# [Records supplied]
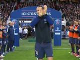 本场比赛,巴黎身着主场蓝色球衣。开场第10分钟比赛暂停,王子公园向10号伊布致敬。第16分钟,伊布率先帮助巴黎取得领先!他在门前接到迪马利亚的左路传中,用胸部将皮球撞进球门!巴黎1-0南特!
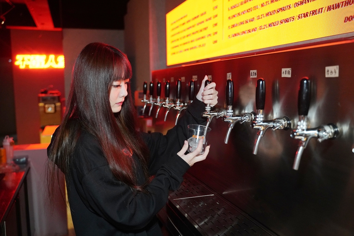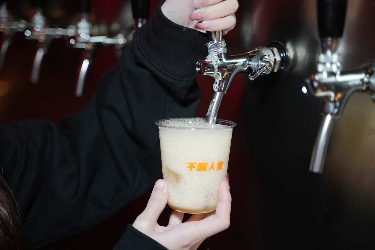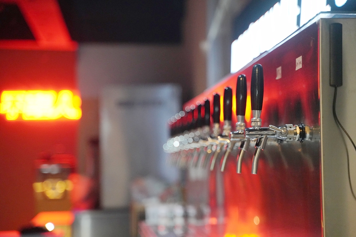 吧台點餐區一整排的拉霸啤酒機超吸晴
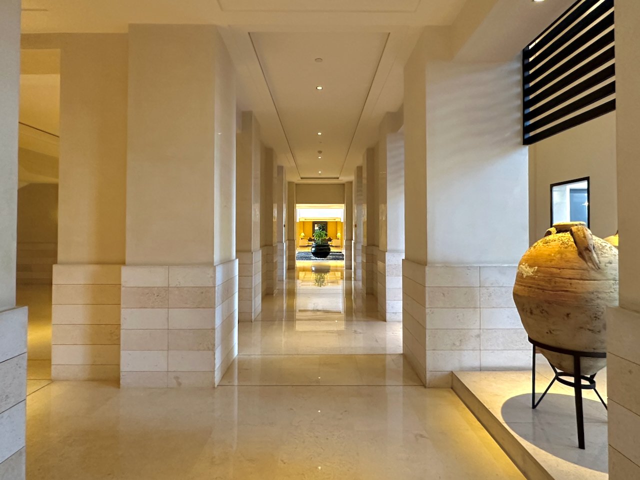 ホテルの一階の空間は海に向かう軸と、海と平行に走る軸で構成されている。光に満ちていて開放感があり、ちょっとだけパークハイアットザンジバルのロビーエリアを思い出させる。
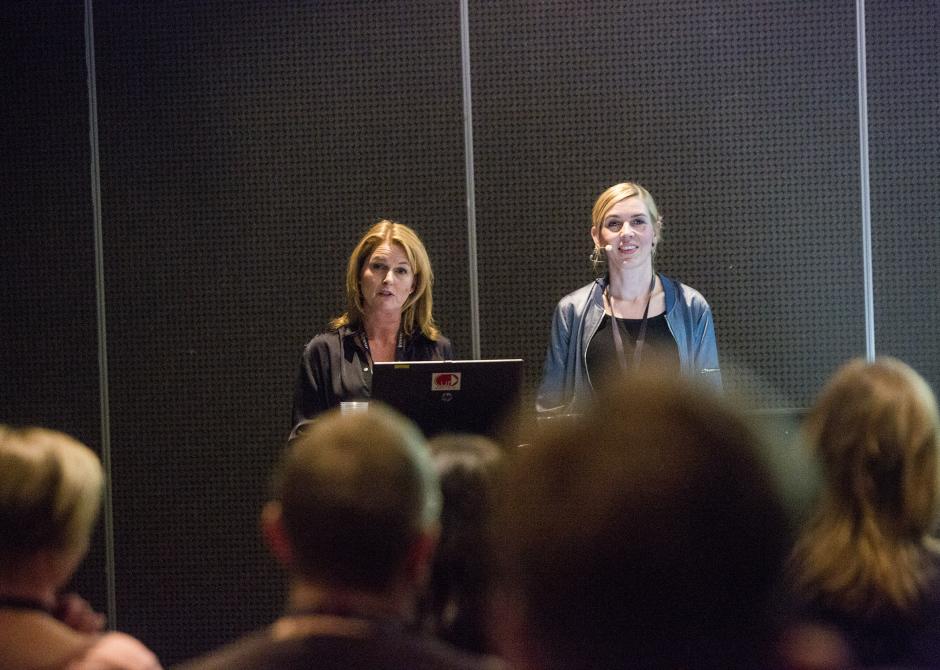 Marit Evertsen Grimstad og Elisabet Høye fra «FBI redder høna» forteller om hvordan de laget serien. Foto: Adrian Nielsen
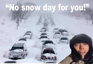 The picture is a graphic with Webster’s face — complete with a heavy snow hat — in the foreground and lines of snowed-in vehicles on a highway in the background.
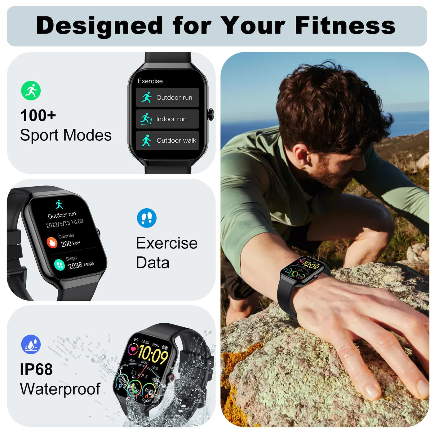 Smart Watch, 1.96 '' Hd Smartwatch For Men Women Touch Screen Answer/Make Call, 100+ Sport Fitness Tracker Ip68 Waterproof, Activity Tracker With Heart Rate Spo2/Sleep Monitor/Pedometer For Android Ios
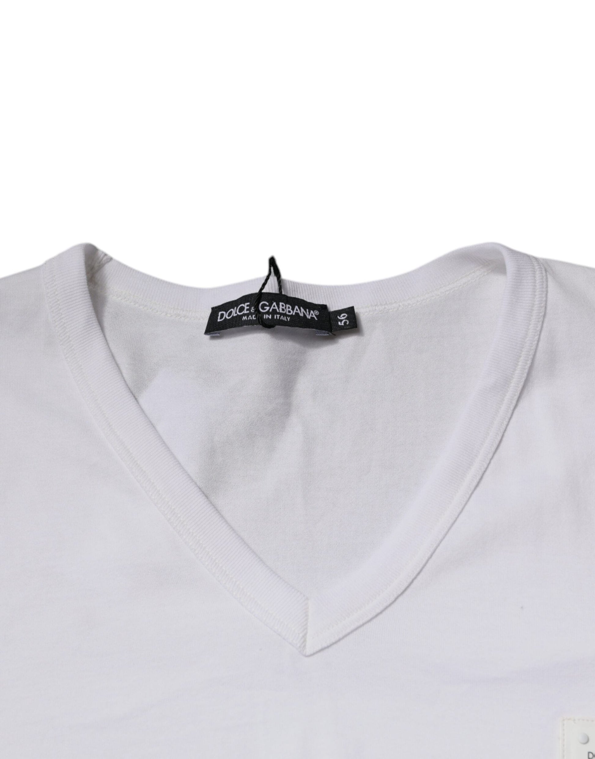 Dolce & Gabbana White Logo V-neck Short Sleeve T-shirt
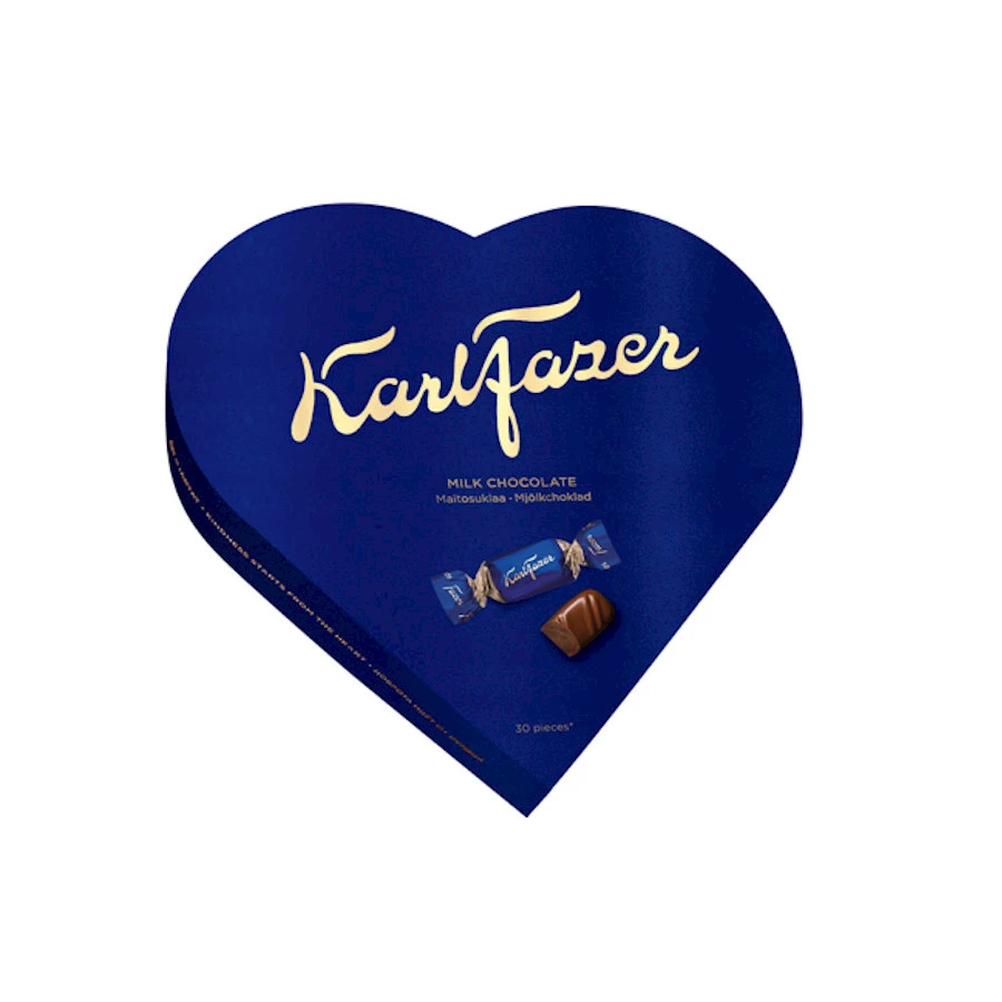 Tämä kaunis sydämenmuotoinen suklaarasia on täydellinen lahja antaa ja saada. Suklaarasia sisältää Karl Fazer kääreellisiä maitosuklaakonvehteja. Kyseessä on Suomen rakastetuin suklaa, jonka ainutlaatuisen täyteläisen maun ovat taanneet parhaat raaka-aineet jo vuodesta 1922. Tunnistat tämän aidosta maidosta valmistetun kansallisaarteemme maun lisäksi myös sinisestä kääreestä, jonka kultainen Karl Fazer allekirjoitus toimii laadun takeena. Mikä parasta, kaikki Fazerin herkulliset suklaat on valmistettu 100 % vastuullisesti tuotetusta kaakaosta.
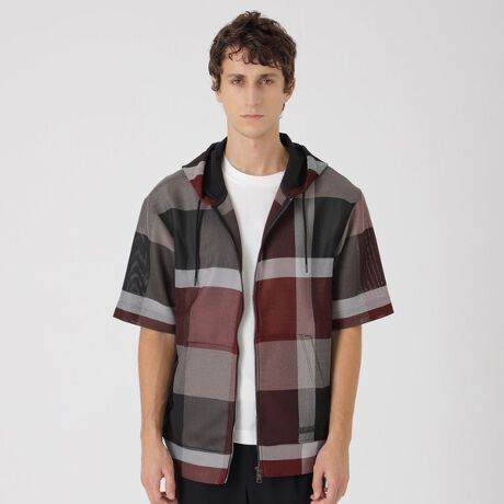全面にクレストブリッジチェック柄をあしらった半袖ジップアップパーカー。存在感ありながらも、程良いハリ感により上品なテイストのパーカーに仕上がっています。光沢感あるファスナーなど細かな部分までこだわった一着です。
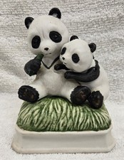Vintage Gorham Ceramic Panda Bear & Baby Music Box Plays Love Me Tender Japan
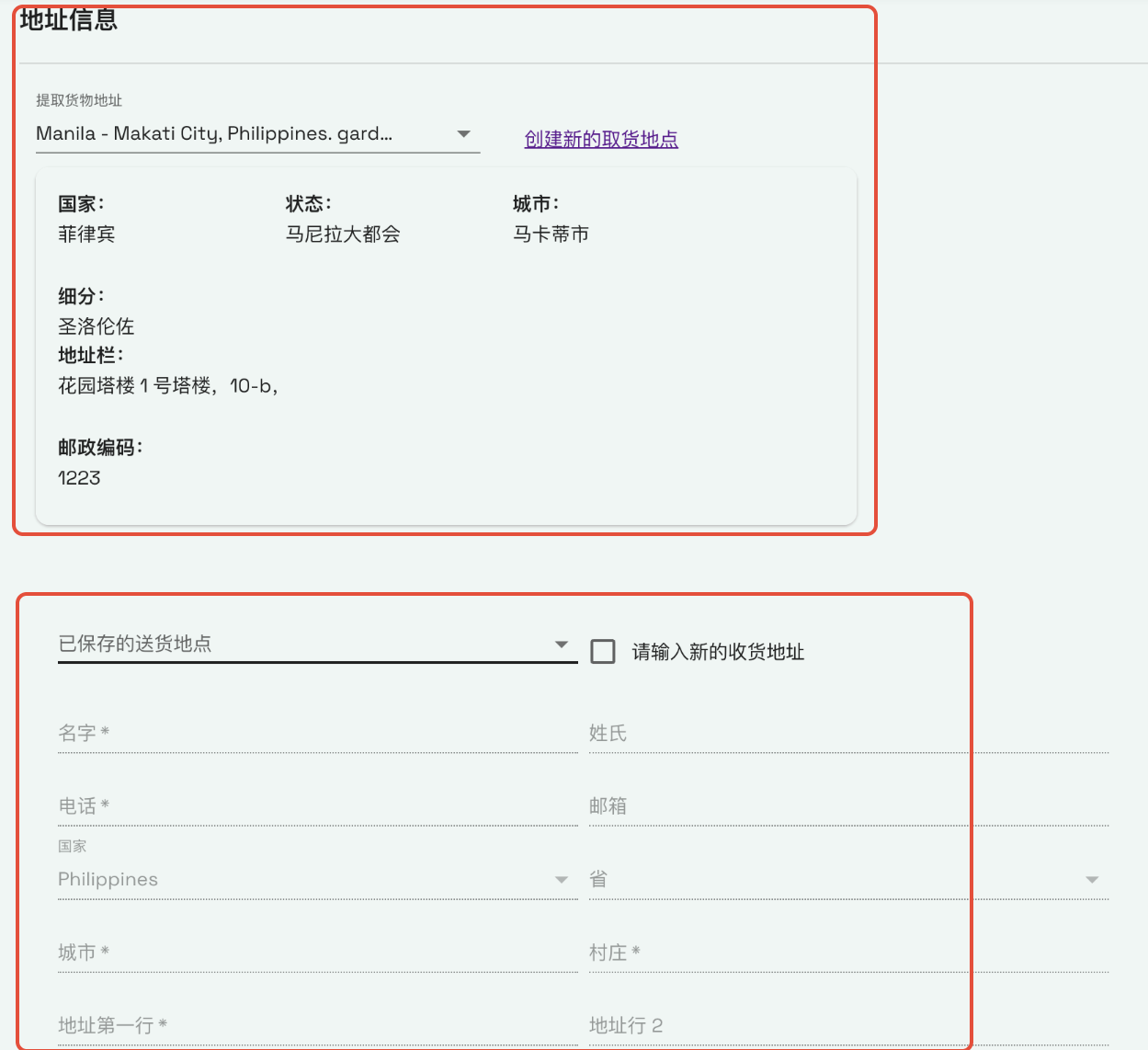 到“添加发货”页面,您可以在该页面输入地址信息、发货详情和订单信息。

# [Assigned task]
Would you print all of the material exactly as written, minus the pictures?

# [Task answer]
 本场比赛,巴黎身着主场蓝色球衣。开场第10分钟比赛暂停,王子公园向10号伊布致敬。第16分钟,伊布率先帮助巴黎取得领先!他在门前接到迪马利亚的左路传中,用胸部将皮球撞进球门!巴黎1-0南特!
 吧台點餐區一整排的拉霸啤酒機超吸晴
 ホテルの一階の空間は海に向かう軸と、海と平行に走る軸で構成されている。光に満ちていて開放感があり、ちょっとだけパークハイアットザンジバルのロビーエリアを思い出させる。
 Marit Evertsen Grimstad og Elisabet Høye fra «FBI redder høna» forteller om hvordan de laget serien. Foto: Adrian Nielsen
 The picture is a graphic with Webster’s face — complete with a heavy snow hat — in the foreground and lines of snowed-in vehicles on a highway in the background.
 Smart Watch, 1.96 '' Hd Smartwatch For Men Women Touch Screen Answer/Make Call, 100+ Sport Fitness Tracker Ip68 Waterproof, Activity Tracker With Heart Rate Spo2/Sleep Monitor/Pedometer For Android Ios
 Dolce & Gabbana White Logo V-neck Short Sleeve T-shirt
 Tämä kaunis sydämenmuotoinen suklaarasia on täydellinen lahja antaa ja saada. Suklaarasia sisältää Karl Fazer kääreellisiä maitosuklaakonvehteja. Kyseessä on Suomen rakastetuin suklaa, jonka ainutlaatuisen täyteläisen maun ovat taanneet parhaat raaka-aineet jo vuodesta 1922. Tunnistat tämän aidosta maidosta valmistetun kansallisaarteemme maun lisäksi myös sinisestä kääreestä, jonka kultainen Karl Fazer allekirjoitus toimii laadun takeena. Mikä parasta, kaikki Fazerin herkulliset suklaat on valmistettu 100 % vastuullisesti tuotetusta kaakaosta.
全面にクレストブリッジチェック柄をあしらった半袖ジップアップパーカー。存在感ありながらも、程良いハリ感により上品なテイストのパーカーに仕上がっています。光沢感あるファスナーなど細かな部分までこだわった一着です。
Vintage Gorham Ceramic Panda Bear & Baby Music Box Plays Love Me Tender Japan
 到“添加发货”页面,您可以在该页面输入地址信息、发货详情和订单信息。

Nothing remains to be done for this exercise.